Task brief: The answer must consist only of the lines in the records below from the line with "Epistolarum libri VIII" to the line with "Bambusz hangszóró 1200", both included, copied word for word with every picture left out.

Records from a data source
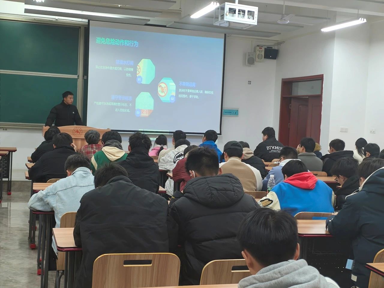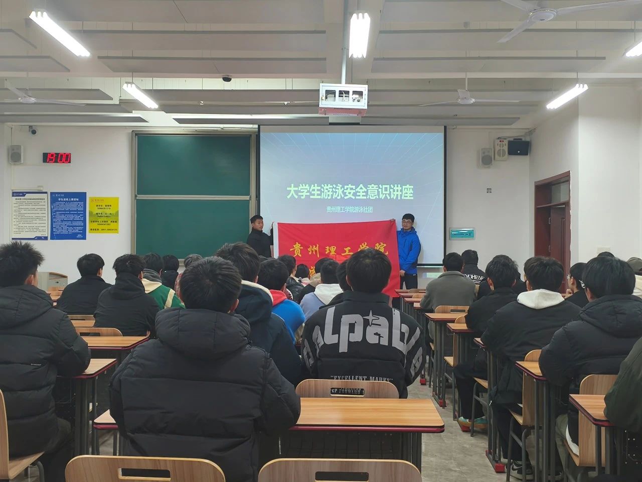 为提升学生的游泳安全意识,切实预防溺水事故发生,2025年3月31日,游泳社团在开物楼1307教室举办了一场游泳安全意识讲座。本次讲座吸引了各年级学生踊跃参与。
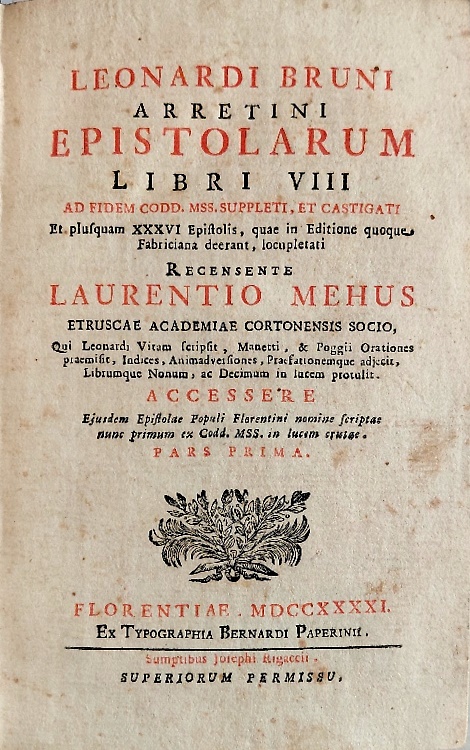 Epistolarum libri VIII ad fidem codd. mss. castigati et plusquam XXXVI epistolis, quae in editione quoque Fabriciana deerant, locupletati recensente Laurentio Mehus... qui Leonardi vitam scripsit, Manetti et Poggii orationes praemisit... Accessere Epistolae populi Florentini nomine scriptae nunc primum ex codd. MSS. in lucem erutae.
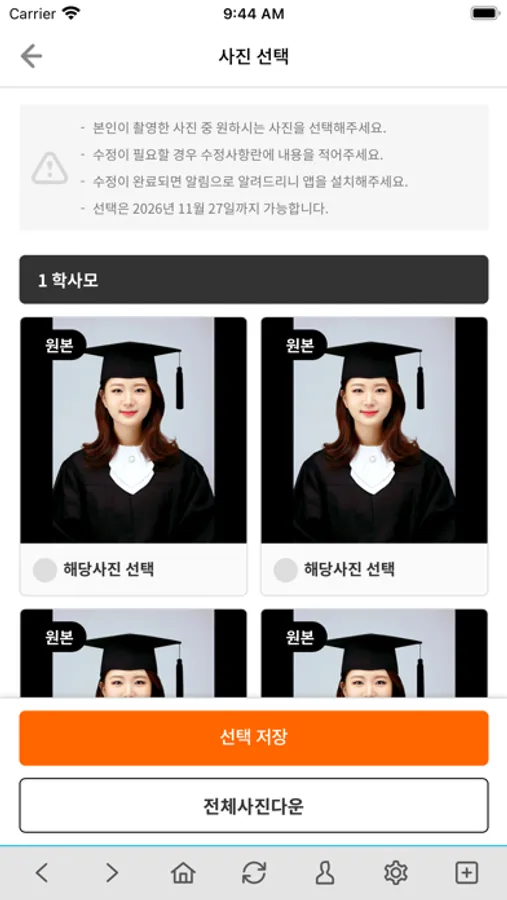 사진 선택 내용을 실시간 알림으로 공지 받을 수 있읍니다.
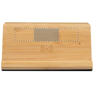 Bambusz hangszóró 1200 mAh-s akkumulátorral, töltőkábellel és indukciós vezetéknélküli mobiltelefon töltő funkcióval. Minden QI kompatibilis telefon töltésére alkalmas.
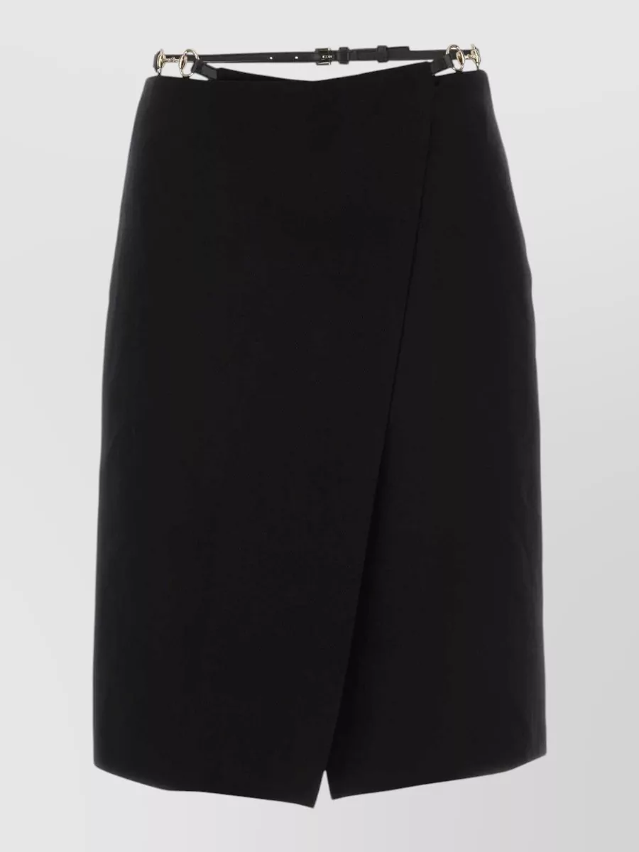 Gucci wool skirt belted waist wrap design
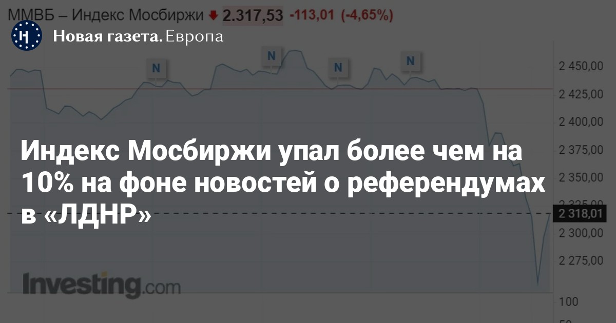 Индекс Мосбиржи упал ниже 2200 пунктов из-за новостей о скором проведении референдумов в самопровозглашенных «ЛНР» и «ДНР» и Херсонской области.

Response box:
 Epistolarum libri VIII ad fidem codd. mss. castigati et plusquam XXXVI epistolis, quae in editione quoque Fabriciana deerant, locupletati recensente Laurentio Mehus... qui Leonardi vitam scripsit, Manetti et Poggii orationes praemisit... Accessere Epistolae populi Florentini nomine scriptae nunc primum ex codd. MSS. in lucem erutae.
 사진 선택 내용을 실시간 알림으로 공지 받을 수 있읍니다.
 Bambusz hangszóró 1200 mAh-s akkumulátorral, töltőkábellel és indukciós vezetéknélküli mobiltelefon töltő funkcióval. Minden QI kompatibilis telefon töltésére alkalmas.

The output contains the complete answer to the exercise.